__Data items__
________
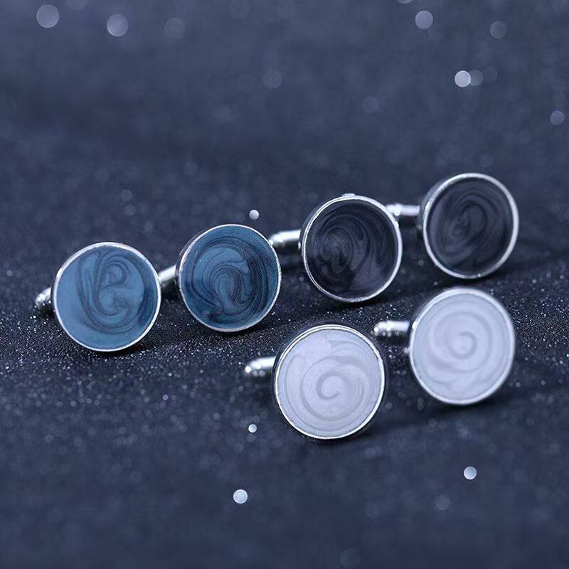 时尚圆形金属袖扣男士法式衬衫商务正装袖钉
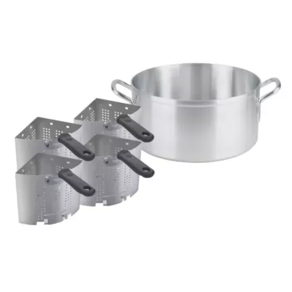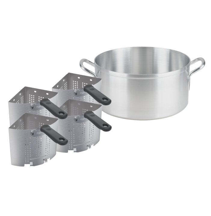 The Vollrath Wear-Ever® 14" Pasta Cooker Set includes an 18.5 qt aluminum pot and four 3 qt stainless steel insets, each with 3/16" perforations for easy draining. Comfort-grip and riveted inset handles, plus welded pot handles, ensure safe transport. Perfect for cooking multiple pasta servings simultaneously, this NSF-certified, USA-made set is ideal for restaurants or catering.
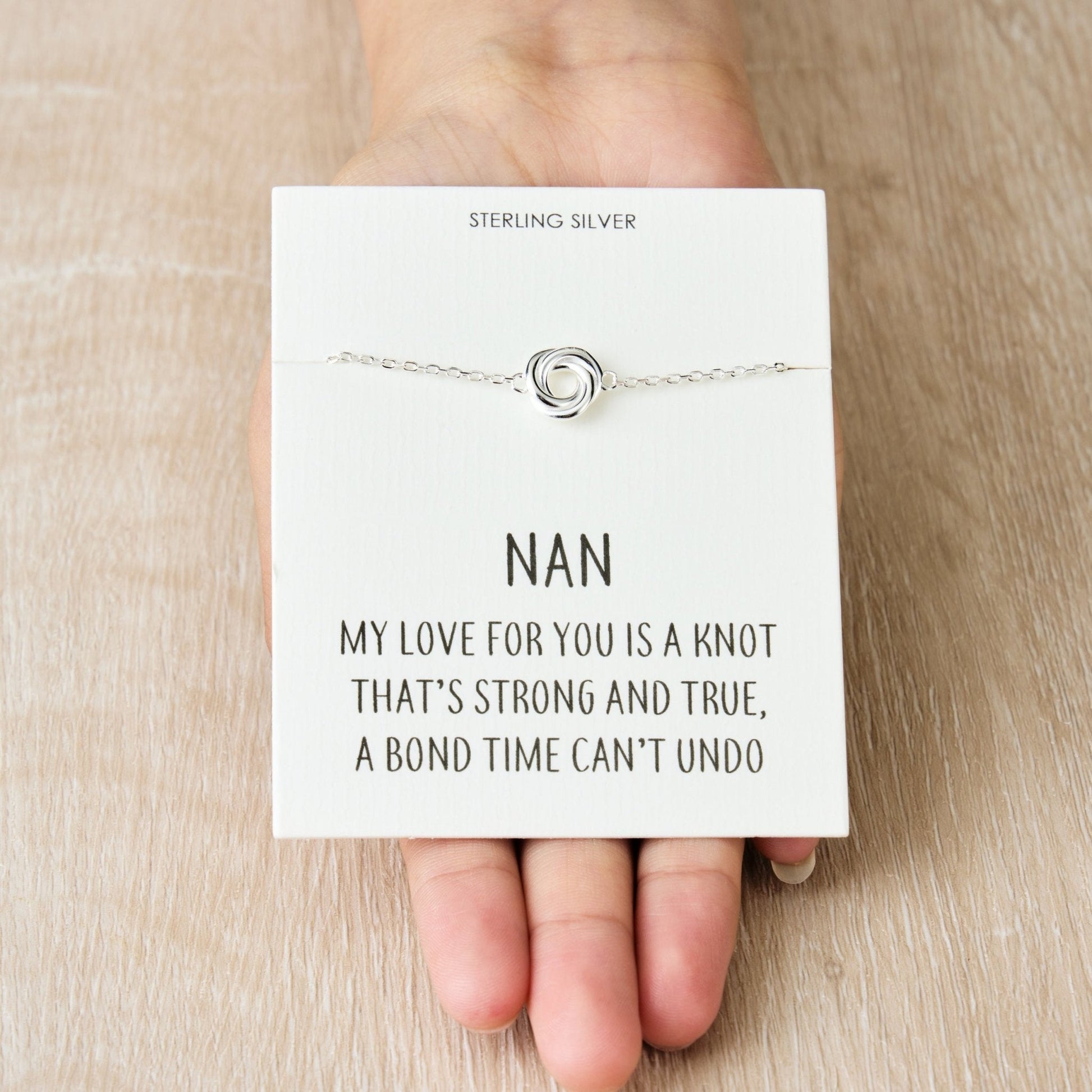 Experience the value of the Philip Jones Sterling Silver Nan Quote Knot Bracelet, made from hypoallergenic, stamped 925 sterling silver. This stunning piece features a delicate chain link design with dimensions of 10.5mm (H) x 10.5mm (W), and measures 17.8cm with an additional 2.5cm extender. The closure is a secure lobster claw and the weight is 2.4g, perfect for everyday wear. Packaged in a charming gift pouch with a meaningful quote card, this bracelet is sure to inspire and delight.
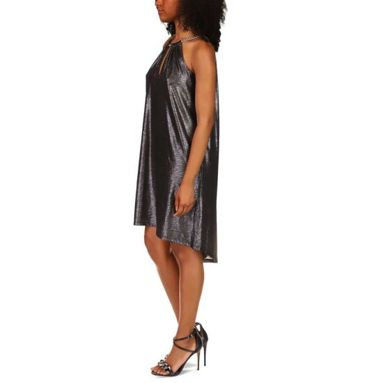 Stunningly chic, this effortless dress from MICHAEL Michael Kors highlights shimmery fabric with a chunky chain at the neckline.
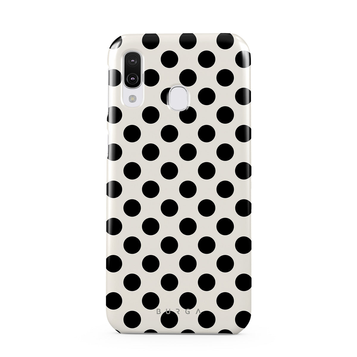 Questo design include: pois neri su uno sfondo bianco pulito.
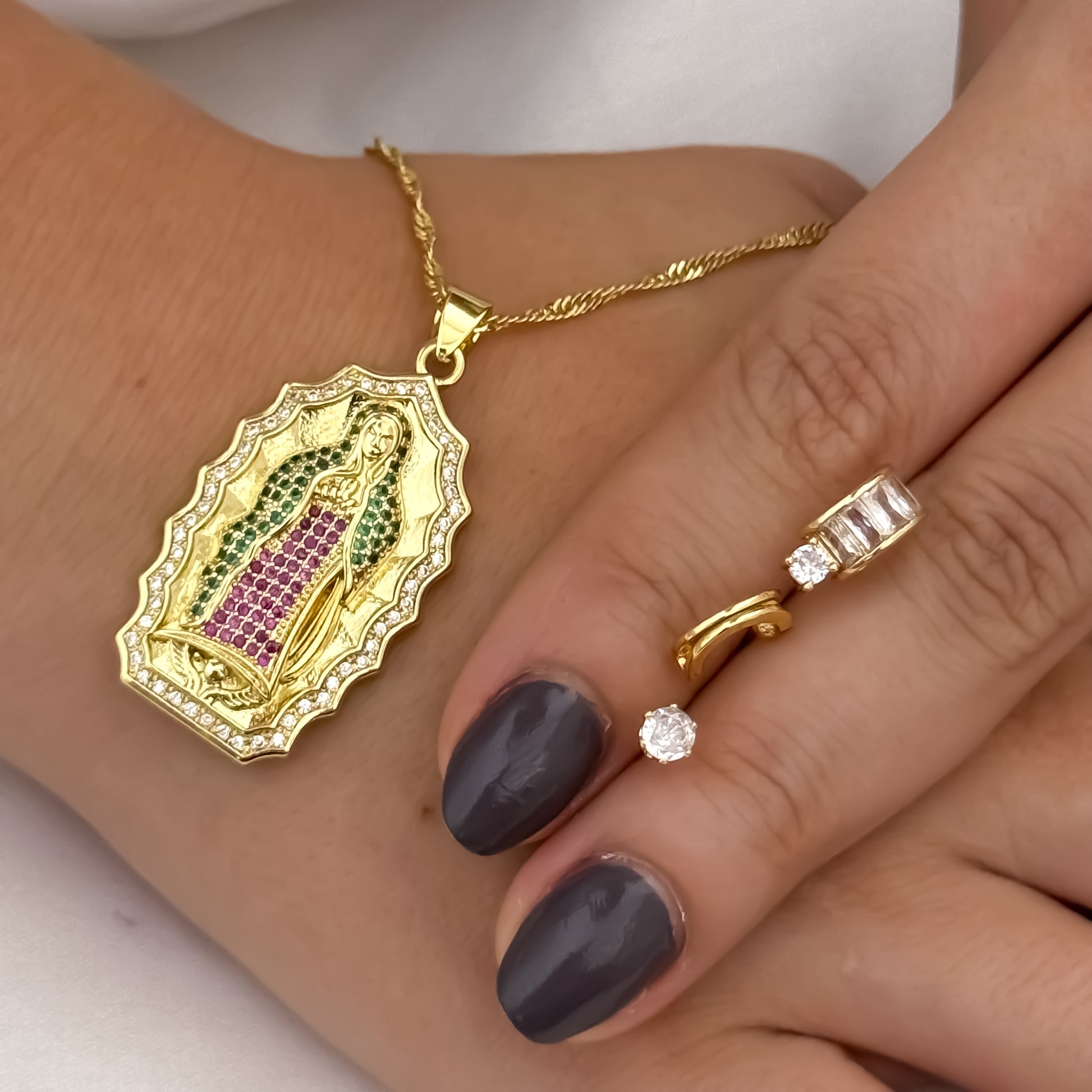 Este exclusivo Conjunto de la Virgen de Guadalupe combina devoción, estilo y protección en tres piezas esenciales: una hermosa cadena con dije de la Virgen de Guadalupe, un anillo con detalles tallados de colores y la promesa de acompañarte siempre con su luz y guía.
________
__Activity__
The pictures in the data should be omitted, and every remaining line set down exactly.

__Result for this exercise__
 时尚圆形金属袖扣男士法式衬衫商务正装袖钉
 The Vollrath Wear-Ever® 14" Pasta Cooker Set includes an 18.5 qt aluminum pot and four 3 qt stainless steel insets, each with 3/16" perforations for easy draining. Comfort-grip and riveted inset handles, plus welded pot handles, ensure safe transport. Perfect for cooking multiple pasta servings simultaneously, this NSF-certified, USA-made set is ideal for restaurants or catering.
 Experience the value of the Philip Jones Sterling Silver Nan Quote Knot Bracelet, made from hypoallergenic, stamped 925 sterling silver. This stunning piece features a delicate chain link design with dimensions of 10.5mm (H) x 10.5mm (W), and measures 17.8cm with an additional 2.5cm extender. The closure is a secure lobster claw and the weight is 2.4g, perfect for everyday wear. Packaged in a charming gift pouch with a meaningful quote card, this bracelet is sure to inspire and delight.
 Stunningly chic, this effortless dress from MICHAEL Michael Kors highlights shimmery fabric with a chunky chain at the neckline.
 Questo design include: pois neri su uno sfondo bianco pulito.
 Este exclusivo Conjunto de la Virgen de Guadalupe combina devoción, estilo y protección en tres piezas esenciales: una hermosa cadena con dije de la Virgen de Guadalupe, un anillo con detalles tallados de colores y la promesa de acompañarte siempre con su luz y guía.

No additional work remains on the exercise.